This is contradicts mainstream portfolio theory which is rooted in mean-variance optimisation and Sharpe ratio type stuff.
Instead you optimise for your actual intended end state, optimal compounded return growth aka optimal log growth and use information theory maths to assess how well your a specific strategy “compresses information surprise” vs a baseline you’re comparing against.
Compression in information surprise is effectively a measure of prediction improvement aka increased edge in your strategy (if any).
Sharpe and mean-variance doesn’t handle practical realities of trading/investing well:
- distribution skews
- fat-tails
- path-dependency as a property of your strategy, not “overfitting” !
- regime-sensitivity of your strategy
So with mean variance maths you end up adding crude “patches” and dirty heuristics to deal with these realities.
If you apply information theory you have a fundamental first principles approach to modelling predictive power.

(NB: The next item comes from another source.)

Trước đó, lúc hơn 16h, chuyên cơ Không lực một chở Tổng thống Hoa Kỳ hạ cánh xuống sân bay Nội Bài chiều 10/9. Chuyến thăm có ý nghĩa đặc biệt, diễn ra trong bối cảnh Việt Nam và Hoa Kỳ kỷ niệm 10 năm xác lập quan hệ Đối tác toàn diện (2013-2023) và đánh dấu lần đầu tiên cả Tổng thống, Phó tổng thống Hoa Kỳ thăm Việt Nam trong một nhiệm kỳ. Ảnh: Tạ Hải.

Credits Kelly 1956; Claude Shannon; KL divergence dudes; Thomas M Cover; Stiffelman (2026, arXiv)
See screenshot. Trading portfolio optimisation is about COMPOUNDED return growth not arithmetic return growth, for obvious reasons. If you lose all your chips, you can’t bet.

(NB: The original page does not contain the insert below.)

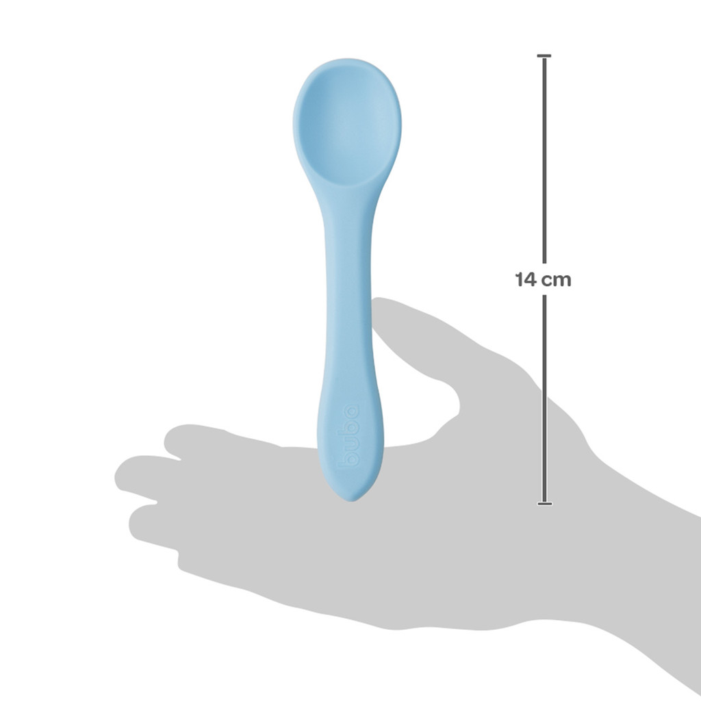 Colher Flexível Azul em Silicone Para Bebês +6 Meses Buba
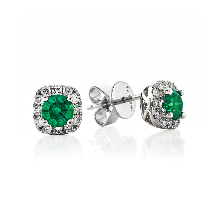 Add a vibrant pop of color to your outfit with these Emerald & Diamond Halo Stud Earrings. Set into 14k white gold, beautiful round emeralds take center stage framed by a halo of glittering diamonds. Easily dressed up or down, they are a versatile addition to any jewelry collection!

Log(0) = negative infinity.
So that’s why we use log return growth in Kelly sizing not arithmetic.
Typical expectancy formula EV=p(win) (1-p)*loss becomes a naive abstraction. You only realise it’s naïveté when you confront risk of ruin modelling.
Optimal trading portfolio allocation, ie allocation of position weights across a number of assets is given by
G(W) = term 1 - term 2 - term 3
Term (1)
the payoffs of the optimal set of return paths.
Think of it as
Optimal market “opportunity”/forward return distribution (it is never known or knowable in principle, but if only you could know it…
Term (2)
2nd term is the natural irreducible uncertainty of the optimal market opportunity distribution. (Hint: information entropy)
Term (3)
is how much your actual allocation differs from the optimal. Ie let’s say it the true optimal allocation is (20% to stock A, 80% to stock B).

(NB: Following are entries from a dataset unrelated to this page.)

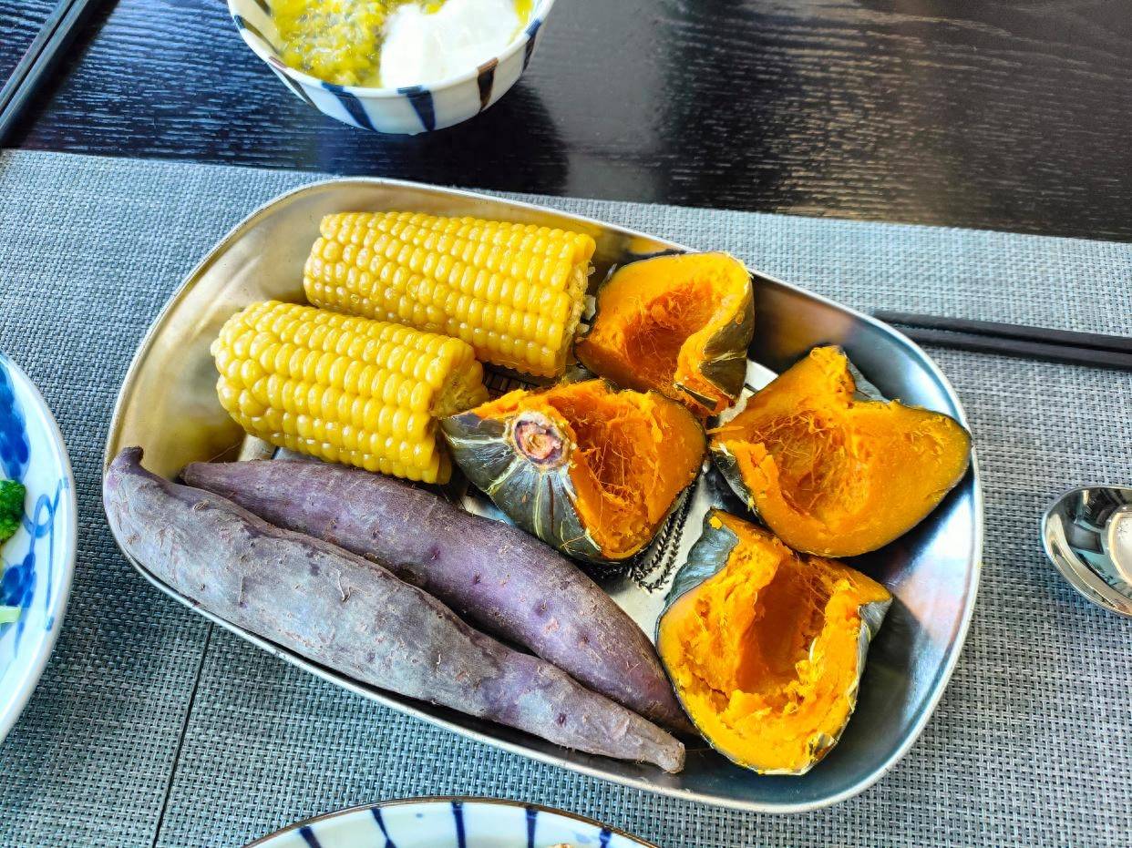 贝贝南瓜、内蒙古玉米、紫薯,一下蒸了3种。我这个人就是这样,喜新不厌旧,胃口不大,但是喜欢种类多一点,每样都尝一点,就像酒店的自助早餐一样,我的最爱,哈哈!
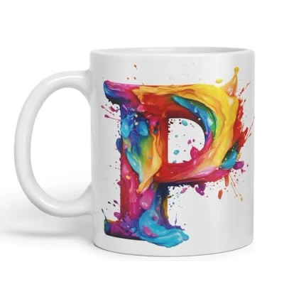 Vixar Letter P Mug, Alphabet Monogram Watercolour Ceramic Coloured Mug Cup for Tea Coffee Hot Brew 330ml 11Oz Gift (L Blue)
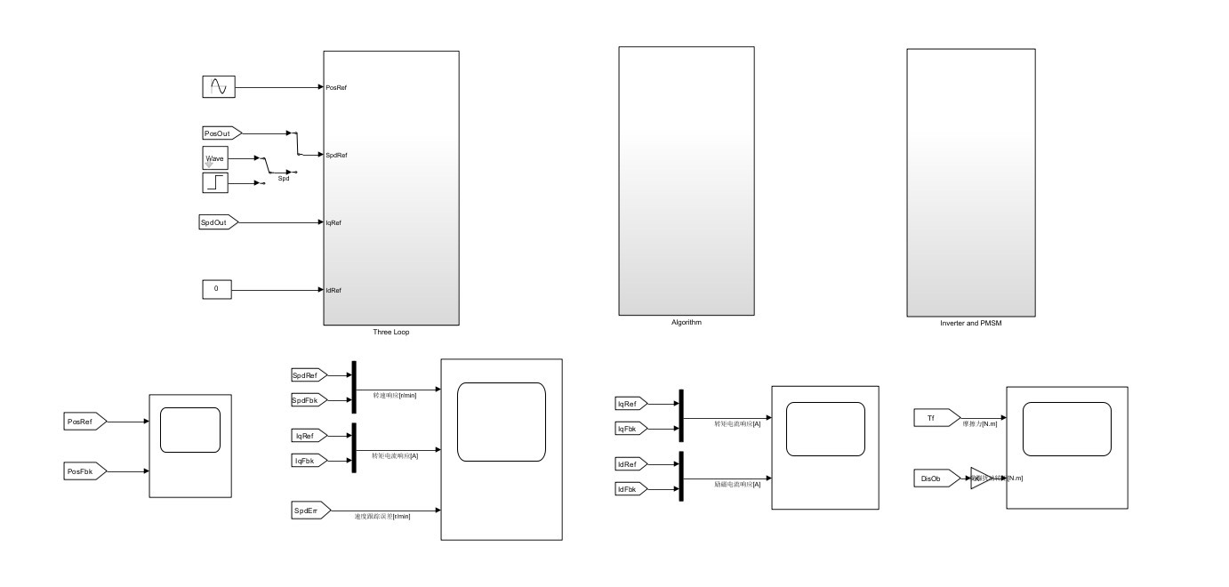 仿真中主要包含抗饱和PI控制器、摩擦力模型、分数阶扰动观测器、坐标变换、SVPWM、逆变器和永磁同步电机模块等,其中抗饱和PI控制器、摩擦力模型、分数阶扰动观测器、坐标变换、SVPWM模块均采用matlab function编程实现,其与C语言编程较为相似,容易进行实物移植。由于摩擦力的存在,实际速度过零时不能很好的跟踪速度给定信号,如图1所示,0.5s 前没有使用分数阶扰动观测器,速度过零时,速

And you are allocated 50,50. You can measure the “information loss” or edge loss from your allocation vs the optimum. (Hint: KL divergence).
Now, W* in H(W*) is the collection (vector) of position allocations that would maximize expected your COMPOUNDED account growth if you knew the true joint market’s return distribution.
That is the theoretical optimum. In reality you can never know W*.
That’s why an achievable PRACTICAL optimum is: how can we get as close as I can to W* without knowing the true distribution?
Crucially, in the equation above, which btw isn’t just made up but is deterministically derivable from Kelly Cover’s universal portfolio theory,
Your allocation / trading decisions only ever affect term 3. So optimisation problem reduces to optimising the KL divergence between your allocation to the true optimal allocation.
Re-formulation of portfolio return optimisation
In this way is breaking new ground, because it gives you an ordering principle/heuristic to use in your backtesting:
You can now evaluate the quality of your (backtested or realised) return distribution and the quality of your allocation in the same unit: log-growth / information bits.
Each factor/feature of the strategy has a “usefulness” score as given by its KL divergence.
You can use these scores to optimise sizing.
This enables you to calculate m a “practical optimum” :
What is the best position size to use on a setup that has a known historical return distribution GIVEN you know certain features of a the setup in advance.